Copy nothing but the lines below, from the one with "노원구는 18일 구청장실에서" through the one with "The MBean Panel", exactly as written; no pictures should appear.

─── Extracted information ───

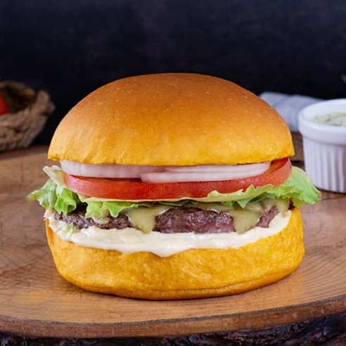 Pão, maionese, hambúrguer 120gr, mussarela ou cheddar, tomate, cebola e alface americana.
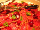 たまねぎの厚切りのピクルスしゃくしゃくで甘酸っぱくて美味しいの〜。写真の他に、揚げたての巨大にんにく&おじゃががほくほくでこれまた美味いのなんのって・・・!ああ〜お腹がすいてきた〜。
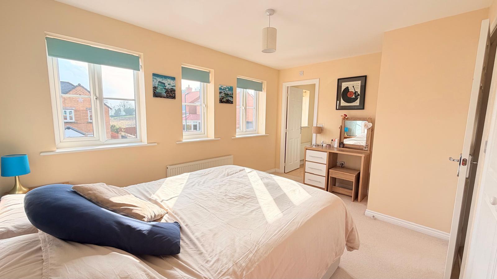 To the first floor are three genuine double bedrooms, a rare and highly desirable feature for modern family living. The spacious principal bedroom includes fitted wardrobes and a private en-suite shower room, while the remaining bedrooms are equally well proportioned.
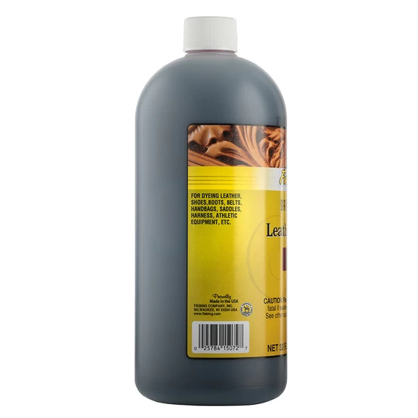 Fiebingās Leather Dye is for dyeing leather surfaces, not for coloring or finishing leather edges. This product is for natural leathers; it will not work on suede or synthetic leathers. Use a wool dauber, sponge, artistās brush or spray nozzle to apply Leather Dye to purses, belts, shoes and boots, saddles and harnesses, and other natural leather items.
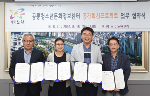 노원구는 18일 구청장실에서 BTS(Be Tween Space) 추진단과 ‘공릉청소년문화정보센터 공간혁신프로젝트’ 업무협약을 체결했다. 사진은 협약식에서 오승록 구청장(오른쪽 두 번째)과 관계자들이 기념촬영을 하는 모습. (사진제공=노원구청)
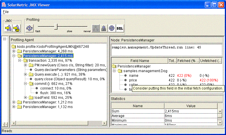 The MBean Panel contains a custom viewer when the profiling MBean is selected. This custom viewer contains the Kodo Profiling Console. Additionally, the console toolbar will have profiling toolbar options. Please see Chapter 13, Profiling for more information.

───
─── Extracted information ───

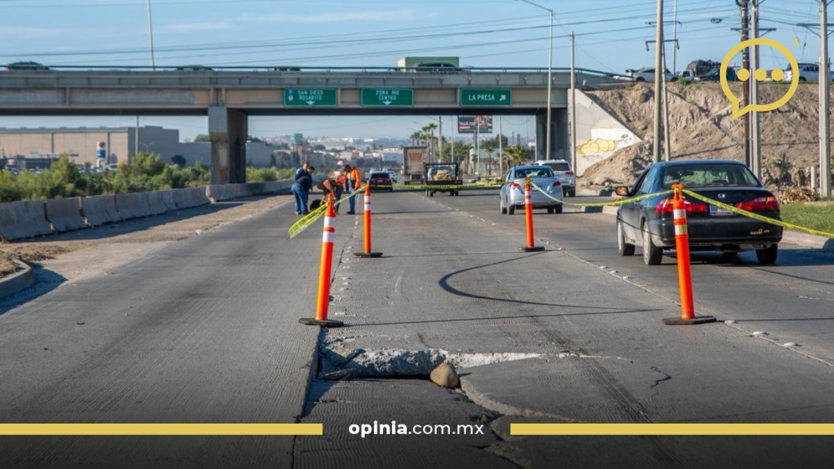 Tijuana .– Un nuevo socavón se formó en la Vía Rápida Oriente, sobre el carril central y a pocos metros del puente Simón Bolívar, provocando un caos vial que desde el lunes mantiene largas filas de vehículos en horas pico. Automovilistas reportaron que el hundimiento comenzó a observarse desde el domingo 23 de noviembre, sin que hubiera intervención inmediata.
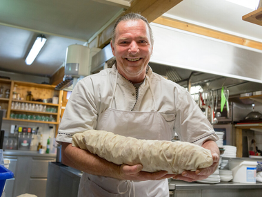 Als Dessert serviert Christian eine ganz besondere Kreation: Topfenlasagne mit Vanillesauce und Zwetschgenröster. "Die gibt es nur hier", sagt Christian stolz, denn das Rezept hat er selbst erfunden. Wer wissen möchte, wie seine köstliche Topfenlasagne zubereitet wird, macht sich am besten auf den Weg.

───

§ **Result of this task**
 노원구는 18일 구청장실에서 BTS(Be Tween Space) 추진단과 ‘공릉청소년문화정보센터 공간혁신프로젝트’ 업무협약을 체결했다. 사진은 협약식에서 오승록 구청장(오른쪽 두 번째)과 관계자들이 기념촬영을 하는 모습. (사진제공=노원구청)
 The MBean Panel contains a custom viewer when the profiling MBean is selected. This custom viewer contains the Kodo Profiling Console. Additionally, the console toolbar will have profiling toolbar options. Please see Chapter 13, Profiling for more information.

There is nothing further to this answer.